The evolved successful controllers transferred very well to the real robot, producing qualitatively very similar behaviour to the simulation; a trace of the live robot extracted from an overhead video can be seen in Figure 8. Ten fitness evaluations of the controller shown in Figure 7 were measured in the real world with the evaluation function used during evolution giving a mean fitness was 93.1 ±2.1% of the mean fitness in simulation. Even though the controllers were evolved to produce very efficient behaviour in the environment shown in Figure 8 (with variation during evaluation trials as explained in Subsection 3.3), and exploited robot-environment dynamics particular to this environment, our methodology still made them general enough to be able to successfully perform the task (find the target and stay at it) in unseen variations of the environment where the target had been moved to a different location or the shape of the environment had been altered, as shown in Figure 9.10 This demonstrates that the successful controllers were processing sensory information to generate the behavior, rather than using some trick to blindly learn the shape of the environment and location of the target.

All in all, the limitations of a robot which can only move fast, and with a 600 ms camera latency and no front IR sensor (see Subsection 3.3), might appear damming and would lead many a conventional designer to lift their arms up in despair, especially when the task is navigating to a target in a complex environment using a maximum of 256 transistors. The success of our EHW approach shows the power of evolution to adapt under any circumstance having implications on robustness and adaptability for systems in the field. Evolution is neutral to “faulty” systems; it will strive to find a path towards a solution no matter what the medium.

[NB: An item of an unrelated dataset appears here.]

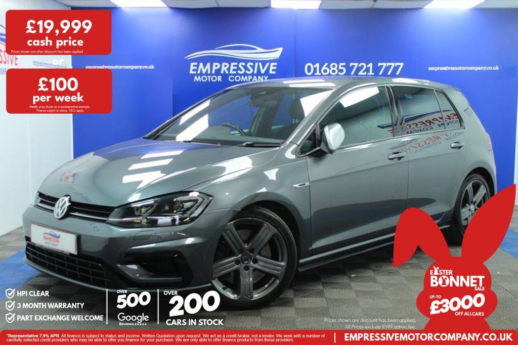 Merthyr TydfilInsurance Group 37, ****GREAT GOLF**** Just in! This Stunning 2019 VOLKSWAGEN GOLF 2.0 TSI R Hatchback 5dr Petrol DSG 4Motion Euro 6 (s/s) (300 ps) Finished In Grey! 67,386 Miles 2.0L Petrol Automatic Paddle Shifters RLine Seats Ambient Lighting 18" Grey Wheels Electric Powered Heated Folding Mirrors Reversing Camera Parking Sensors Electric Handbrake Auto Hold Traction Control System Stop Start Eco Mode Race Mode Normal Mode Individual Mode Heated Seats Automatic Dual Zone Climate Control System Bluetooth with Apple CarPlay Automatic LED Headlights Digital Dash Voice Assistant Adaptive Cruise Control Speed Limiter .12V Socket Luggage Compartment, 18in Alloy Wheels Cadiz, ABS AntiLock Braking System with HBA Hydraulic Brake Assist, Active Info Display, Adaptive Cruise Control, Airbags, Alarm with Interior Protection, Ambient Lighting, Ambient Lighting Pack, AntiTramp Function, Automatic ComingLeaving Home Lighting Function, Automatic PostCollision Braking System, Bag Hooks in the Luggage Compartment x2, Black Rooflining, Body Coloured Bumpers, Body Coloured Door Handles, Brake Calipers Black, Brake Pad Wear Indicator, CarNet App Connect, CarNet Security and Service including eCall, Carbon Touch Decorative Inserts in Dash and Door Panels, Carpet Mats Front and Rear, Child Security Locks in the Rear Doors, Chrome Plated Air Vent Surrounds, Chrome Plated Electric Mirror Adjustment Switch Surround, Chrome Plated Electric Window Button Surrounds, Chrome Trimmed Front Air Intake Surround, ChromePlated Light Switch Surround, Climate Control, Composition Media System, Convenience Pack, Cover for Storage Compartment in Centre Console, Cup Holders Front x2, Discover Navigation TouchScreen NavigationRadio System with CarNet Guide and Inform, Driver Alert System, Driver Personalisation Profile, Drivers and Passengers Safety Optimised Head Restraints, Driving Mode Selection, Dusk Sensor Automatic Driving Lights, Dust and Pollen Filter, Electric Windows Front and Rear, Electronic Engine Immobiliser, Electronic Parking Brake with Auto Hold Function, ESC Electronic Stability Control including EDL Electronic Differential Lock and ASR Traction Control with Deactivation via Infotainment System, Extended Sill Strips Flared, Front Assist, Front Centre Armrest with Storage Compartment and Two Rear Air Vents, Front Footwell Illumination, Front Seat Back Storage Pockets, Front Sport Seats with Height and Lumbar Adjustment, Front Sports Seats with Embroidered R Logo, Galvanised Body, Glovebox Cooled, Grab Handles Front x2 Rear x2 with Coat Hooks, Headlight Washers, Heated Front Seats, Heated Rear Windscreen, Heated Windscreen Washer Jets, HeightAdjustable Front ThreePoint Seat Belts with Tensioners, High Level 3rd Brake Light Incorporating LED Technology, Illuminated Door Sill Protectors, Instrument Cluster with R Specific Design, Instrument Lighting White Adjustable Panel Illumination, Interior Light Delay, ISOFIX Child Seat Preparation for 2 Rear Seats, Keyless Entry, LED Headlights with Dynamic Curve Light, LED Headlights with Dynamic Light Assis

5 Evolved Circuit Analysis

A circuit reduction and simplification methodology was developed to analyse the evolved circuits. This method proved very useful in giving a “first pass” understanding of the evolved circuits. Discrepancies between behaviours generated by the original and simplified controllers gave indirect evidence that the evolved controllers used active and subtle dynamics at the both the FPTA and robot-environment levels. (Full details can be found in the Supplementary Material.)

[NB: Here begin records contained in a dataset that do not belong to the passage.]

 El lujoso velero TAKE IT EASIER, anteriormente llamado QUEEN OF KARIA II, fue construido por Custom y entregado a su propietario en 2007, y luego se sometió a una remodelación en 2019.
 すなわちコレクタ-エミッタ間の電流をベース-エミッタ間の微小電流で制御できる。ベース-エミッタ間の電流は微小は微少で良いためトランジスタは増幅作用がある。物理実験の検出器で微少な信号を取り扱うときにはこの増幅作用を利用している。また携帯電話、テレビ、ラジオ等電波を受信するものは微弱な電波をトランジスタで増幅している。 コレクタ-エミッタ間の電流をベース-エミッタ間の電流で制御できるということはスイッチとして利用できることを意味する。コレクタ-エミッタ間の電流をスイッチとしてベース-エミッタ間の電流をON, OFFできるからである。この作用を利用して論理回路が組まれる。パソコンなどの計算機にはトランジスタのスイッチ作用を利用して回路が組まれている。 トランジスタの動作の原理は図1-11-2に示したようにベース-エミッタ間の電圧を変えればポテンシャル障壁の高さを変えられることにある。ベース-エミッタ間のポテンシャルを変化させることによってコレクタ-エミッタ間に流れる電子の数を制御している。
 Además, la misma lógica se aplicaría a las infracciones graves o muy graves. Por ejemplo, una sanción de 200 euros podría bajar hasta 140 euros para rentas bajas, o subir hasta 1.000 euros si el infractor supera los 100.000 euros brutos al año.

6 Comparative Evolutionary Runs

The results described in Section 4 suggest the FPTA is a suitably evolvable medium for developing robust sensorimotor behaviours, even when the sensors and motors are noisy and unreliable. The observed, rather subtle, dynamics of the evolved behaviours (especially the visually guided behaviours) suggest the potentially rich dynamics of the FPTA medium are being exploited. The analysis of evolved circuits (see Section 5 and Supplementary Material) further supports the exploitation of analog FPTA dynamics as being import. In this section this idea is explored further by comparing evolutionary results of the unconstrained FPTA with a setup where the FPTA dynamics are greatly constrained, and with other analog arrays that lack dynamics, as well as a system with rich dynamics.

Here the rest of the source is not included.